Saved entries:
Content starts

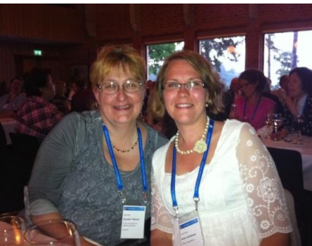
Gala-illallisella tutustuin turkulaiseen kollegaani
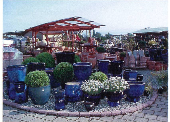
Töpfe, Töpfe – nichts als Töpfe. Für jeden Anspruch den richtigen Topf zu finden ist bei dieser Auswahl keine Kunst.

Höhe sind für Höhenlagen akklimatisiert und werden vor allem von Gartenbau-Kunden in Graubünden und für Spätpflanzungen in tieferen Lagen verwendet. Im Laufe der Zeit zeigte sich aber die Bewirtschaftung auf diese grosse Distanz durch ein ausgereiftes Angebot aus den Kulturen am Bodensee als nicht wirtschaftlich und nicht mehr zeitgemäss.
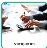
ราคาศุลกากร
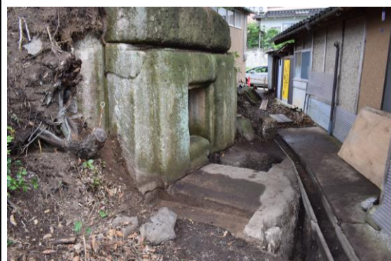
写真：調査時の石室状況

山代原古墳の石棺式石室は、近年の発掘調査によって、前庭部分の構造が明らかになりました。丁寧に加工されキッチリと組み合わせで作られていることが分かります。

Content ends

**Problem requirements**. Return exactly the lines in the records above, beginning with the one that holds "写真：調査時の石室状況" and ending with the last.

**Answer to the exercise**.
写真：調査時の石室状況

山代原古墳の石棺式石室は、近年の発掘調査によって、前庭部分の構造が明らかになりました。丁寧に加工されキッチリと組み合わせで作られていることが分かります。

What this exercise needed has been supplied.